Generate repo-specific AI context for Codex, Claude Code, Copilot, and Cursor.
Turn any repository into canonical AI-readable project context.
RepoCanon is a Python CLI that analyzes a local codebase and generates project-specific instruction files for AI coding tools from a single internal repo model.
Instead of manually maintaining separate context for different tools, RepoCanon infers your repo’s structure, commands, conventions, and boundaries, then generates outputs such as:
AGENTS.mdCLAUDE.md- Copilot repository instructions
- Cursor project rules
The goal is simple: make AI coding tools behave like they already understand your repo.
AI coding tools are useful, but they usually guess:
- where things live
- how the repo is structured
- which commands to run
- what patterns are preferred
- what boundaries should not be crossed
RepoCanon reduces that guesswork by turning repo-specific knowledge into maintainable instruction files.
RepoCanon:
- analyzes a local repository
- detects languages, frameworks, commands, and topology
- infers conventions and architectural boundaries
- builds a normalized project model
- generates tool-specific AI context files from that model
RepoCanon is deterministic-first.
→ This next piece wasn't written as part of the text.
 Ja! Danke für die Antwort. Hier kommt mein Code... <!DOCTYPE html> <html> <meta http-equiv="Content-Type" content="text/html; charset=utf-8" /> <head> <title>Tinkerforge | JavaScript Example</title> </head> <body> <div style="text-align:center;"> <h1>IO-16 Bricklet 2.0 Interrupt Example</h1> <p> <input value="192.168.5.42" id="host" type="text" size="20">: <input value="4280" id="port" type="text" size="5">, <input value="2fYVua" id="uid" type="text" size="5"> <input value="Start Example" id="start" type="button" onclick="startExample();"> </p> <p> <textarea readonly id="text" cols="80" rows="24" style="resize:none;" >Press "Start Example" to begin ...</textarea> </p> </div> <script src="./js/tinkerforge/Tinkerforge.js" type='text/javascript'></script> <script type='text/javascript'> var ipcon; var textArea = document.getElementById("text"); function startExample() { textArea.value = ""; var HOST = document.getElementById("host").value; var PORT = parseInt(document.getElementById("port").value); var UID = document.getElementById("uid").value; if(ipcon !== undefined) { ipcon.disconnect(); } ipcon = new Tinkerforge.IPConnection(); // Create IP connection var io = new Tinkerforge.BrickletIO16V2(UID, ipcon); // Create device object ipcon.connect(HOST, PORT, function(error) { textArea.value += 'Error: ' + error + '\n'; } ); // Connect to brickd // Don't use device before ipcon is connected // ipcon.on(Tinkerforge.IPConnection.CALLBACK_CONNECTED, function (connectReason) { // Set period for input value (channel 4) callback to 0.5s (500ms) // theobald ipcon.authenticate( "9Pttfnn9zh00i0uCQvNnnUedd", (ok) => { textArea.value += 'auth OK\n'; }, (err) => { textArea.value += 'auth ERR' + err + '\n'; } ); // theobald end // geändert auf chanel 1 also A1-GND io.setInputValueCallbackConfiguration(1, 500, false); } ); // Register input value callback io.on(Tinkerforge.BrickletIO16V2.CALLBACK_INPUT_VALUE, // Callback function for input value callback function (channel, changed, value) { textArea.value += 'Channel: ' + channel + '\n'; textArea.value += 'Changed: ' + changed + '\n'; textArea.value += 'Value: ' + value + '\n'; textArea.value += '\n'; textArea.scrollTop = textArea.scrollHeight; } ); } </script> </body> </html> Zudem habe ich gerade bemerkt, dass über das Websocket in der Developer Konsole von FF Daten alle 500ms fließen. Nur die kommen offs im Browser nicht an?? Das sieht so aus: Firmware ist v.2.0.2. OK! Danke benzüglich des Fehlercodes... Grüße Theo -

It does not require an LLM to work.
- Codex via
AGENTS.md - Claude Code via
CLAUDE.md - GitHub Copilot via
.github/copilot-instructions.md(and optional path-scoped files) - Cursor via
.cursor/rules/*.mdc
pip install repocanonRequires Python 3.11+.
# 1. Analyze the current repo and persist a normalized model.
repocanon analyze .
# 2. Inspect what was inferred and how confident RepoCanon is.
repocanon audit .
# 3. Preview generated outputs without touching the filesystem.
repocanon preview .
# 4. Write the generated files into the repo (defaults to all targets).
repocanon generate .You can also generate one or more specific targets:
repocanon generate . -t agents
repocanon generate . -t claude -t copilot
repocanon list-targets # see what's availableNeed machine-readable output? Append --json to analyze, audit, or diff.
Need to undo? repocanon clean . (or scope it with -t copilot) removes only
RepoCanon-authored files (those that carry the generator header marker).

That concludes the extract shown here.